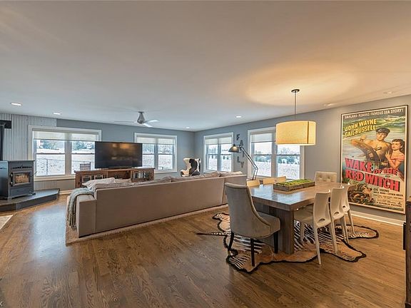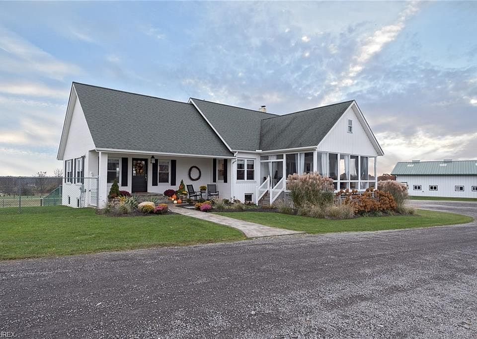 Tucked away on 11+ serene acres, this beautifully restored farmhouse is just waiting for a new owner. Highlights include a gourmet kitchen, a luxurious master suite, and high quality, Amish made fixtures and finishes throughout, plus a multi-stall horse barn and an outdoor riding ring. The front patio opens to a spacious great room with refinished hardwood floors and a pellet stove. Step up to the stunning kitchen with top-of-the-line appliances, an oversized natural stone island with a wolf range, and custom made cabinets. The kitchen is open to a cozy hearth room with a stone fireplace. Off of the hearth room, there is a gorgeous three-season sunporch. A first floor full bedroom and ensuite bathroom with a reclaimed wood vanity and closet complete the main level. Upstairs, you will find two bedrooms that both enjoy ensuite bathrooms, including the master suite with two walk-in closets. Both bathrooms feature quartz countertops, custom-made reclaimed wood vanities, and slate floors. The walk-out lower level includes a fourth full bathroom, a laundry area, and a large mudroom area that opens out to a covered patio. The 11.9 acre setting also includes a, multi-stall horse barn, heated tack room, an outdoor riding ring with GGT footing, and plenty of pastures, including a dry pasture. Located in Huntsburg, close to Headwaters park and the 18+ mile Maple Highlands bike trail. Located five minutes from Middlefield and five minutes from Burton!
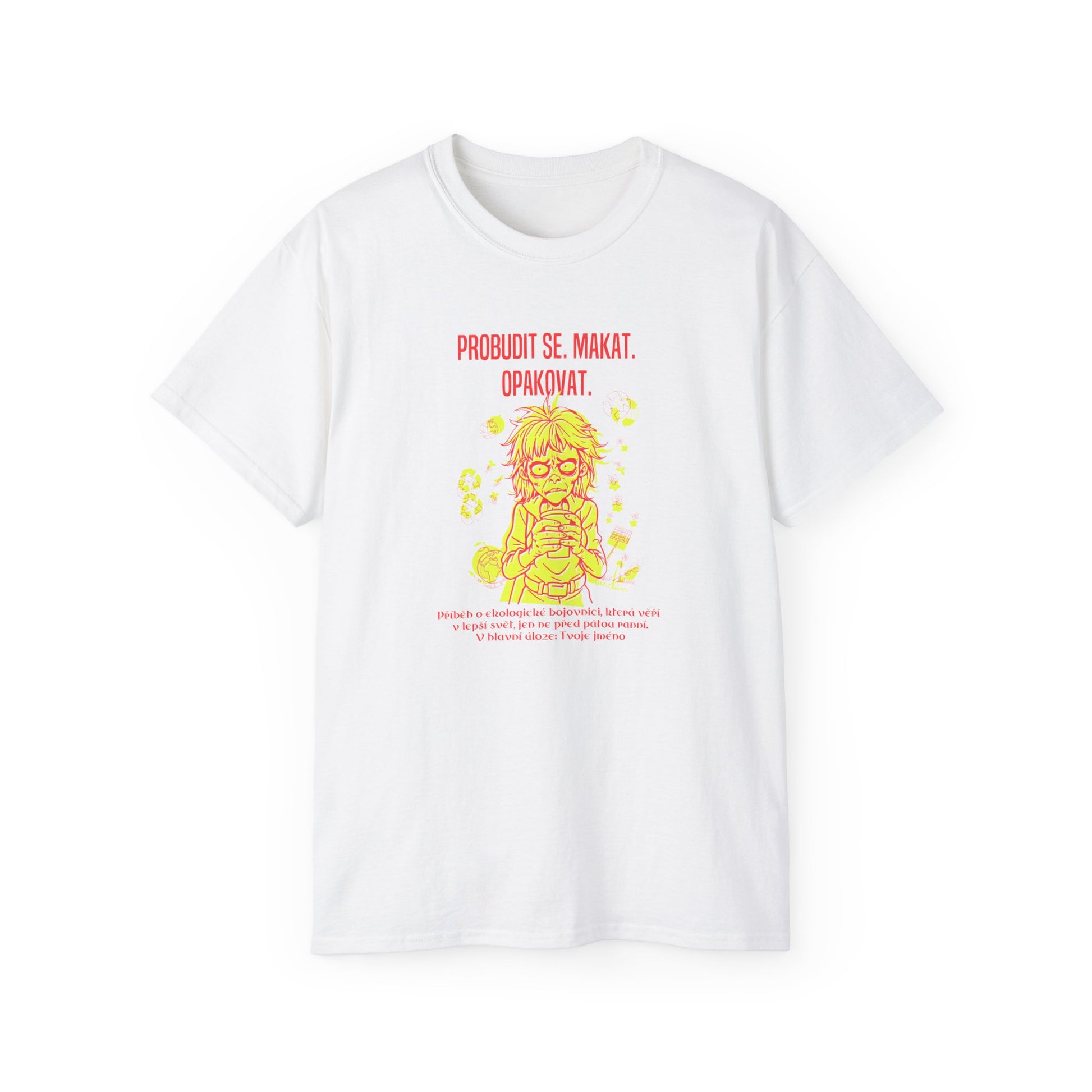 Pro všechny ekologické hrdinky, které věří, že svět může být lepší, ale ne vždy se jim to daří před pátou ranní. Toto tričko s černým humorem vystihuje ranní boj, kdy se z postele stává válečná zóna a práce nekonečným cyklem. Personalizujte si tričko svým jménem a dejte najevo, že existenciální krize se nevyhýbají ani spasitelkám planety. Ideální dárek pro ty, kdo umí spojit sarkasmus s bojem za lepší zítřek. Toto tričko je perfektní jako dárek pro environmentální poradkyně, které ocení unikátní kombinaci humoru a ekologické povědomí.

--

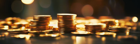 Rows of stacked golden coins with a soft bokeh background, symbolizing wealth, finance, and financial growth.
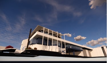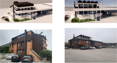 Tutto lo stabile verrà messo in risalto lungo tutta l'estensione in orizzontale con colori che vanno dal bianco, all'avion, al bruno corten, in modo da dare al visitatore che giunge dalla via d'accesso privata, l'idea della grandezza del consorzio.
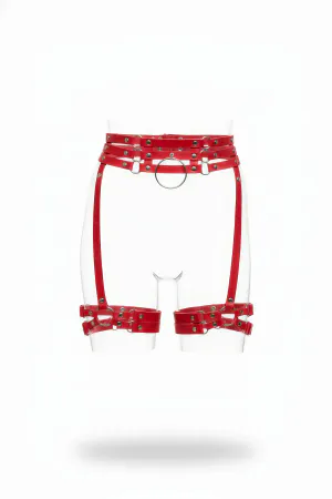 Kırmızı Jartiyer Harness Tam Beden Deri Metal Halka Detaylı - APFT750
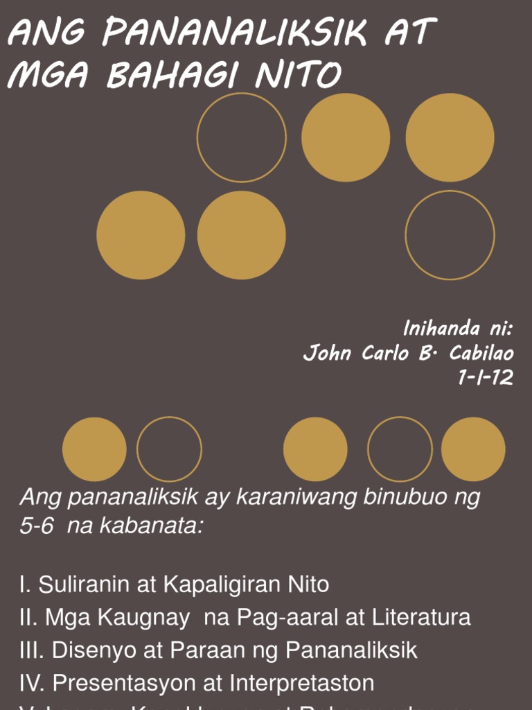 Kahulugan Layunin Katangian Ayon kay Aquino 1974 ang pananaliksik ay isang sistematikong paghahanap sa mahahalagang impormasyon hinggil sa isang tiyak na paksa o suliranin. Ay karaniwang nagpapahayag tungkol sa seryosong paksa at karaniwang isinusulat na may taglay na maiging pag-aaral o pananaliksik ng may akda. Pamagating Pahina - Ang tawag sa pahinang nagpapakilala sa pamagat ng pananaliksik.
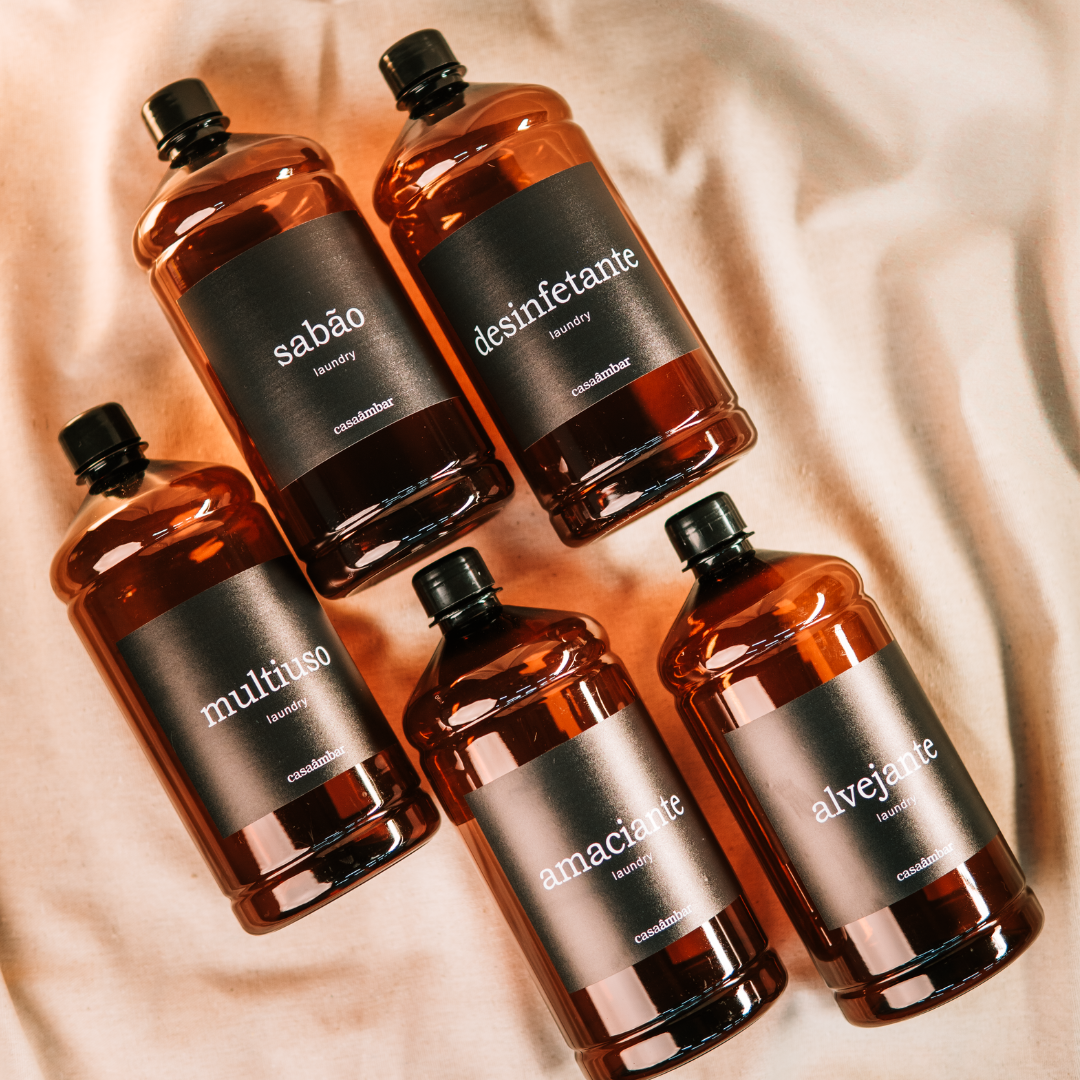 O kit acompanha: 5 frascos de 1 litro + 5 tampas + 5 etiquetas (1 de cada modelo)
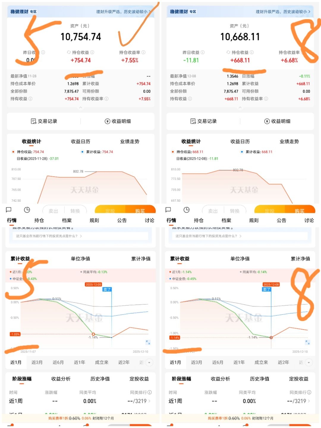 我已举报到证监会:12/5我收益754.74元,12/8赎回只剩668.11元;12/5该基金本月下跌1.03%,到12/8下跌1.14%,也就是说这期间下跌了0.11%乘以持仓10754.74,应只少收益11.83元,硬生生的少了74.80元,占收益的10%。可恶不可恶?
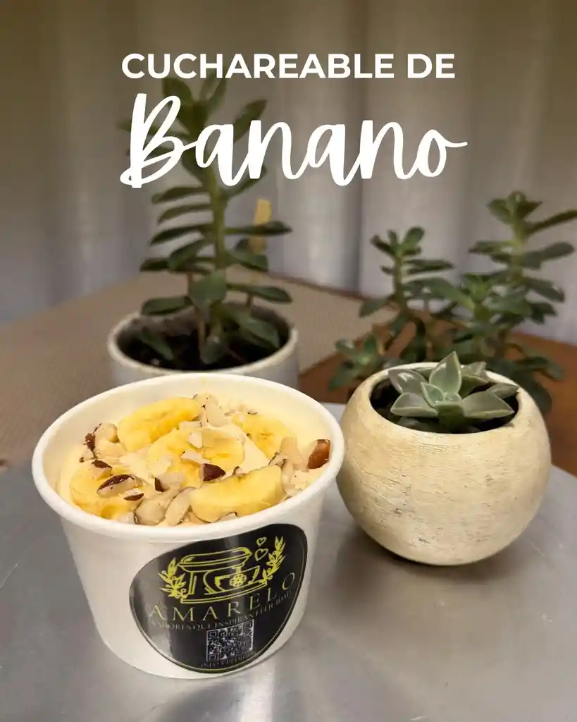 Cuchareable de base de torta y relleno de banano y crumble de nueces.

__Exercise__: Of all the material above, only the lines from the one that has "O kit acompanha: 5" down to the one that has "Cuchareable de base" are to be written out, exactly and with both ends included. Pictures are skipped.

__Finished task__:
 O kit acompanha: 5 frascos de 1 litro + 5 tampas + 5 etiquetas (1 de cada modelo)
 我已举报到证监会:12/5我收益754.74元,12/8赎回只剩668.11元;12/5该基金本月下跌1.03%,到12/8下跌1.14%,也就是说这期间下跌了0.11%乘以持仓10754.74,应只少收益11.83元,硬生生的少了74.80元,占收益的10%。可恶不可恶?
 Cuchareable de base de torta y relleno de banano y crumble de nueces.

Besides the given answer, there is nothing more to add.